Stored data
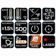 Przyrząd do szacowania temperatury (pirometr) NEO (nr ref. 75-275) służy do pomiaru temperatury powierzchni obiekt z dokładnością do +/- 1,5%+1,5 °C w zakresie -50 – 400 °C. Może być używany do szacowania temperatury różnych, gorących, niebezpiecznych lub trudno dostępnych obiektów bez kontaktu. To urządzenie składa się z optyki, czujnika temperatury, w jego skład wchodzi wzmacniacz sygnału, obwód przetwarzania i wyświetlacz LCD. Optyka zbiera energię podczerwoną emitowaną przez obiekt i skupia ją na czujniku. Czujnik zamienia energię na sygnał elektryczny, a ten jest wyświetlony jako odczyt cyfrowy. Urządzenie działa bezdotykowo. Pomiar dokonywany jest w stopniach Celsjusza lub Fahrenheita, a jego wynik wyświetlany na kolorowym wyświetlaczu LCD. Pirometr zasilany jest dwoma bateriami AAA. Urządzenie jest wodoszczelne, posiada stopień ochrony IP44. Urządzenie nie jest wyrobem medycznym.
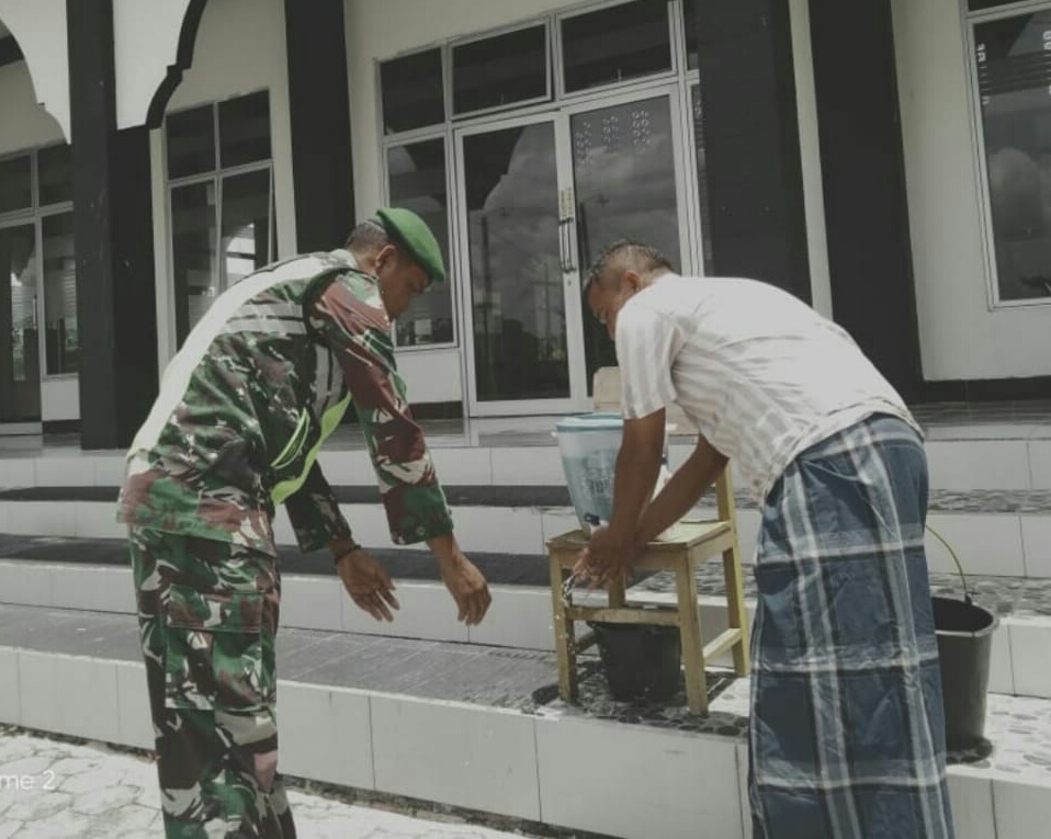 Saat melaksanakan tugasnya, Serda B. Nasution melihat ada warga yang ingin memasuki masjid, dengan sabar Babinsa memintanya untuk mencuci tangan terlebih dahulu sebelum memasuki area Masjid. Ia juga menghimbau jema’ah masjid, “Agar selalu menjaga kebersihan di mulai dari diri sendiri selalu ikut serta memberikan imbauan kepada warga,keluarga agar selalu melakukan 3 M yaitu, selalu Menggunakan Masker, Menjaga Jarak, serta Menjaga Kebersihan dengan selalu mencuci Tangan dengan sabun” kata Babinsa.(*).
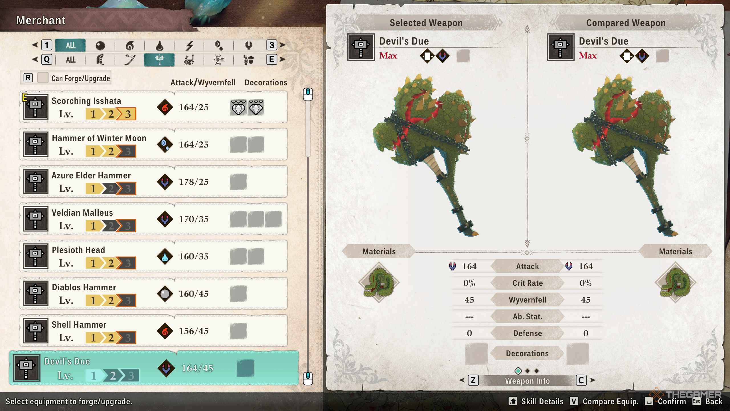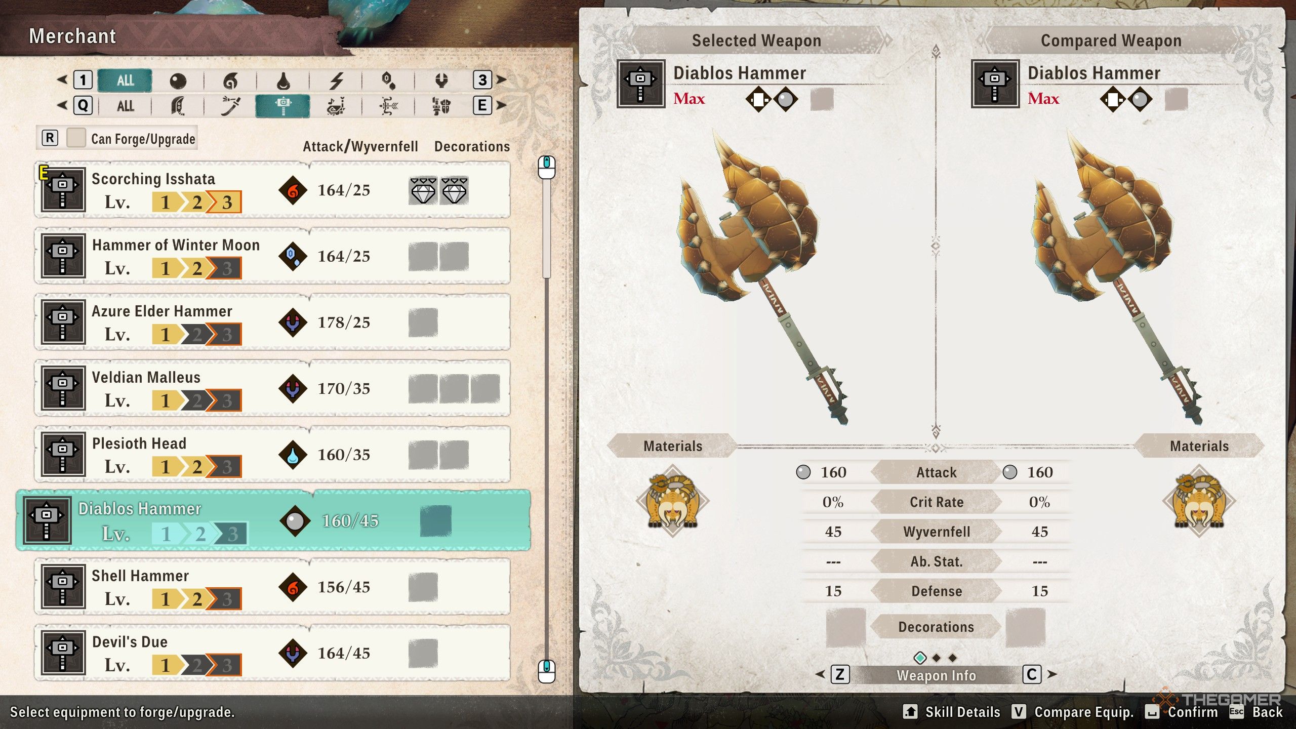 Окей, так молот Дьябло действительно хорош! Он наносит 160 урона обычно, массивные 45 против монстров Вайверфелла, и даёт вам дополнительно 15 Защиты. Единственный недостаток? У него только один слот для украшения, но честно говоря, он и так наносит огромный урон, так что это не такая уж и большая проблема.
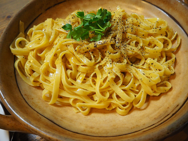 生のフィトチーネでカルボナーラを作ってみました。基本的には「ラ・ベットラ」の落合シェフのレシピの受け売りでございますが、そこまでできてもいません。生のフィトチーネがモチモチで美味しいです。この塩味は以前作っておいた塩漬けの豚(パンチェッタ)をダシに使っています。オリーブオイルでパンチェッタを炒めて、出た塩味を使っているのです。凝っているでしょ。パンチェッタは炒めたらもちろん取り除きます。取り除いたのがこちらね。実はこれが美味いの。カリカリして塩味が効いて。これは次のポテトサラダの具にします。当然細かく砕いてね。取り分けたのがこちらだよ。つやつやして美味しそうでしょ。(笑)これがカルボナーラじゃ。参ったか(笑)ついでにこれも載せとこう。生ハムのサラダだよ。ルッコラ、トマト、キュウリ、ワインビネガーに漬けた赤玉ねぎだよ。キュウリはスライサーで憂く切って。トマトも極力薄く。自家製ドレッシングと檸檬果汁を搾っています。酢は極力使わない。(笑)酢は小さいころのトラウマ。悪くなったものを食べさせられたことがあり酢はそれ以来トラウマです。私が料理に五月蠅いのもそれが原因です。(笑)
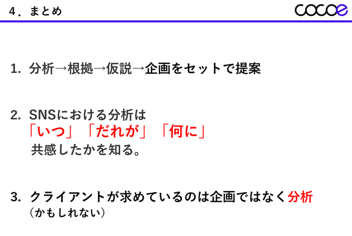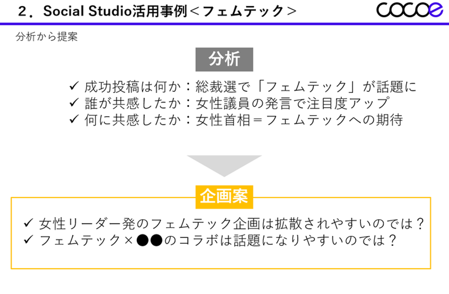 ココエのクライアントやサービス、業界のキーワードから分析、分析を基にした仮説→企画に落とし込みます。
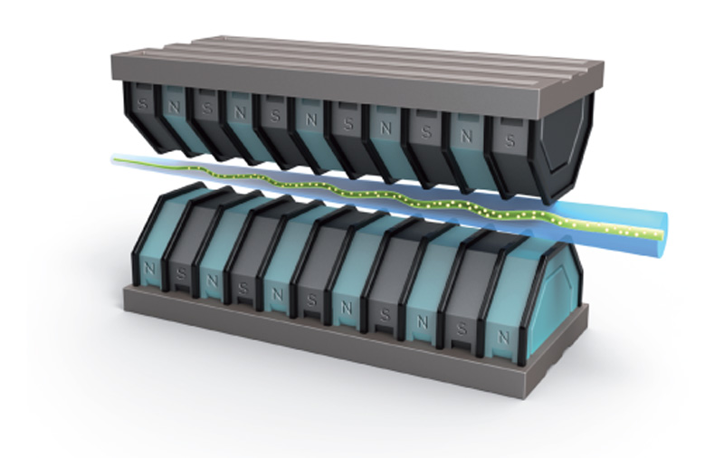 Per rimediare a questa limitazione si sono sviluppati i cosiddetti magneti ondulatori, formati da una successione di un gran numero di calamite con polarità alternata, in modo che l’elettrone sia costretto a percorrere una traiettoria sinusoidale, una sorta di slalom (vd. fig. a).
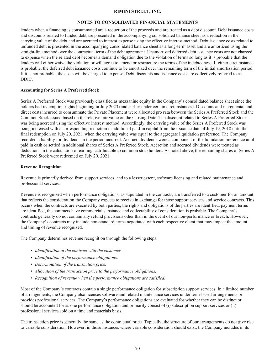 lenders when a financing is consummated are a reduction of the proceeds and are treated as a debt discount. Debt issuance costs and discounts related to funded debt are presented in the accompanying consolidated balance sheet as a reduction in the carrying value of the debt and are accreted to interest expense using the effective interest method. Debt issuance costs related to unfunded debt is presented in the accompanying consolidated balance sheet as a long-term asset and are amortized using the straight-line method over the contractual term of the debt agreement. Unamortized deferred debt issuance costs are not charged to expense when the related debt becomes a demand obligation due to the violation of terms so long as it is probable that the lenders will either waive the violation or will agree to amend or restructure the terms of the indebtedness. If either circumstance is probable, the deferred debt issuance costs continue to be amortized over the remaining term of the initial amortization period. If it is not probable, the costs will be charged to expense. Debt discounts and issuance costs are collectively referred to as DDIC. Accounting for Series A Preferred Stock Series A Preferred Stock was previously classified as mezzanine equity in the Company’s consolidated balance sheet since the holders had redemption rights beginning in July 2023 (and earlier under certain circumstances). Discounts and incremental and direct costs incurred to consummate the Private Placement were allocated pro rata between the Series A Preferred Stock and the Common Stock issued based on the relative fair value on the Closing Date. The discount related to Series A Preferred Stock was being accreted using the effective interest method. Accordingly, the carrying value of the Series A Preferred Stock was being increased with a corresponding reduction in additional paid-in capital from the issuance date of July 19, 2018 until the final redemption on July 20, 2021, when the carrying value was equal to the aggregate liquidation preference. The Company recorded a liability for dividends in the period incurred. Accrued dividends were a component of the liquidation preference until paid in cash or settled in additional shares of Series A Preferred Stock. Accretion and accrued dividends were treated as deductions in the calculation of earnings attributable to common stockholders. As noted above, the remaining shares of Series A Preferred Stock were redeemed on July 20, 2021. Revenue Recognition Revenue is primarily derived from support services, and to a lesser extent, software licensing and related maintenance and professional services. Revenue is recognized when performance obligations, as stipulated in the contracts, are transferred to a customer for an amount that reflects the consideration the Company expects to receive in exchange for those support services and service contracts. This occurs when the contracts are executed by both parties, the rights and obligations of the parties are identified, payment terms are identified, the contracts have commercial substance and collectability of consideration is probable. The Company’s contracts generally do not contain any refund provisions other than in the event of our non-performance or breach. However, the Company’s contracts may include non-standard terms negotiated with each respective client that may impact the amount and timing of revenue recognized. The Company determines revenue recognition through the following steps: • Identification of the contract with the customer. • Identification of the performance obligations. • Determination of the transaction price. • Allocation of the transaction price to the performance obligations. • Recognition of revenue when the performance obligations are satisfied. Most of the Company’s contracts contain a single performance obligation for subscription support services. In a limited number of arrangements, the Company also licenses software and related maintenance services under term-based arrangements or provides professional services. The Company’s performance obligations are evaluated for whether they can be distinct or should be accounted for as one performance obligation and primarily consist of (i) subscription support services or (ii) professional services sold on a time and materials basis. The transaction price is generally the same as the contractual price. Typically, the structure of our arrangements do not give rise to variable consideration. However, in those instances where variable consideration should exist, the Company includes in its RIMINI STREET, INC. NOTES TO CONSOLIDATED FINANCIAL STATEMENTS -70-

GOAL OF THE EXERCISE:
What is wanted is an exact copy of the lines above from the one containing "ココエのクライアントやサービ" through the one containing "Per rimediare a", with no pictures in it.

EXERCISE ANSWER:
 ココエのクライアントやサービス、業界のキーワードから分析、分析を基にした仮説→企画に落とし込みます。
 Per rimediare a questa limitazione si sono sviluppati i cosiddetti magneti ondulatori, formati da una successione di un gran numero di calamite con polarità alternata, in modo che l’elettrone sia costretto a percorrere una traiettoria sinusoidale, una sorta di slalom (vd. fig. a).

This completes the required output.